• [Recorded information]:
◇ ◇ ◇ ◇ ◇ ◇ ◇

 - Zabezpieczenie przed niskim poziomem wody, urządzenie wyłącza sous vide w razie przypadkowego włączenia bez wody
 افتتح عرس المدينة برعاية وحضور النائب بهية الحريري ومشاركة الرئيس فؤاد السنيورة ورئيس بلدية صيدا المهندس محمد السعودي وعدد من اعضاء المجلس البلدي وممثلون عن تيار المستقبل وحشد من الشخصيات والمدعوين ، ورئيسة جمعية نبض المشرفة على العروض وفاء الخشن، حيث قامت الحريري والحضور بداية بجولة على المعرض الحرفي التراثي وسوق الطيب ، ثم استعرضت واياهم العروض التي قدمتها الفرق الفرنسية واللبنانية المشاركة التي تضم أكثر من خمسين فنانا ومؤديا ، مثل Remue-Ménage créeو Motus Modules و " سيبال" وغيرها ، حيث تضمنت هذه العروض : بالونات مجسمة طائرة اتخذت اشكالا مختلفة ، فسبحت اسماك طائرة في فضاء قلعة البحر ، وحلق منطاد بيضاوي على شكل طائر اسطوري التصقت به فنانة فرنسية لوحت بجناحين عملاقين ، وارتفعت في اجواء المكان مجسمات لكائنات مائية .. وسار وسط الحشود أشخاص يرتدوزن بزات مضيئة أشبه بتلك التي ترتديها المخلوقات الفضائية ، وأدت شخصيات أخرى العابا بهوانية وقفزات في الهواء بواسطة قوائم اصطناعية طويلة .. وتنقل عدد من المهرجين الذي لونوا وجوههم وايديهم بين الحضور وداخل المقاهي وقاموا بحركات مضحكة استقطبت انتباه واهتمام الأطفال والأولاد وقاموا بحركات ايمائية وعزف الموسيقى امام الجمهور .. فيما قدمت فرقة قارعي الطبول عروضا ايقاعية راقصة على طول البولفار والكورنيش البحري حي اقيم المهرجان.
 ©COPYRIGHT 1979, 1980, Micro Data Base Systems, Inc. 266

◇ ◇ ◇ ◇ ◇ ◇ ◇

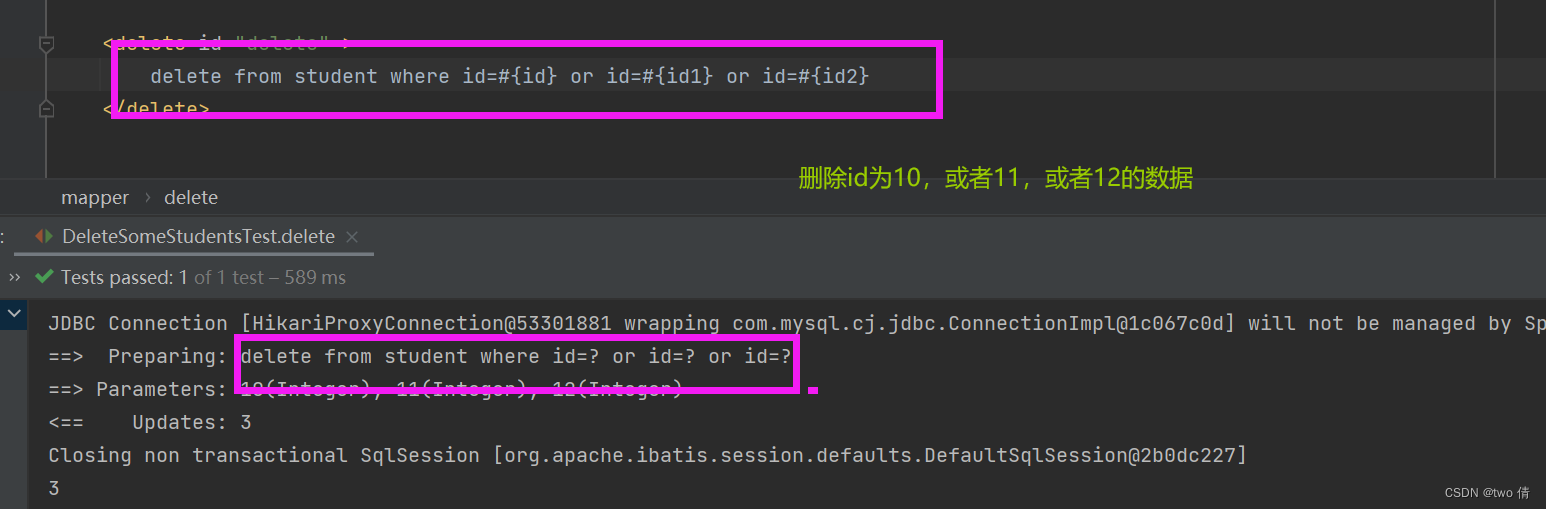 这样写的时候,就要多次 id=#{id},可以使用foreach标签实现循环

◇ ◇ ◇ ◇ ◇ ◇ ◇

• [Exercise requirements]: What is asked for is an exact copy of the lines above from the one containing "افتتح عرس المدينة" through the one containing "Systems, Inc. 266", and only those.

• [Your response]:
 افتتح عرس المدينة برعاية وحضور النائب بهية الحريري ومشاركة الرئيس فؤاد السنيورة ورئيس بلدية صيدا المهندس محمد السعودي وعدد من اعضاء المجلس البلدي وممثلون عن تيار المستقبل وحشد من الشخصيات والمدعوين ، ورئيسة جمعية نبض المشرفة على العروض وفاء الخشن، حيث قامت الحريري والحضور بداية بجولة على المعرض الحرفي التراثي وسوق الطيب ، ثم استعرضت واياهم العروض التي قدمتها الفرق الفرنسية واللبنانية المشاركة التي تضم أكثر من خمسين فنانا ومؤديا ، مثل Remue-Ménage créeو Motus Modules و " سيبال" وغيرها ، حيث تضمنت هذه العروض : بالونات مجسمة طائرة اتخذت اشكالا مختلفة ، فسبحت اسماك طائرة في فضاء قلعة البحر ، وحلق منطاد بيضاوي على شكل طائر اسطوري التصقت به فنانة فرنسية لوحت بجناحين عملاقين ، وارتفعت في اجواء المكان مجسمات لكائنات مائية .. وسار وسط الحشود أشخاص يرتدوزن بزات مضيئة أشبه بتلك التي ترتديها المخلوقات الفضائية ، وأدت شخصيات أخرى العابا بهوانية وقفزات في الهواء بواسطة قوائم اصطناعية طويلة .. وتنقل عدد من المهرجين الذي لونوا وجوههم وايديهم بين الحضور وداخل المقاهي وقاموا بحركات مضحكة استقطبت انتباه واهتمام الأطفال والأولاد وقاموا بحركات ايمائية وعزف الموسيقى امام الجمهور .. فيما قدمت فرقة قارعي الطبول عروضا ايقاعية راقصة على طول البولفار والكورنيش البحري حي اقيم المهرجان.
 ©COPYRIGHT 1979, 1980, Micro Data Base Systems, Inc. 266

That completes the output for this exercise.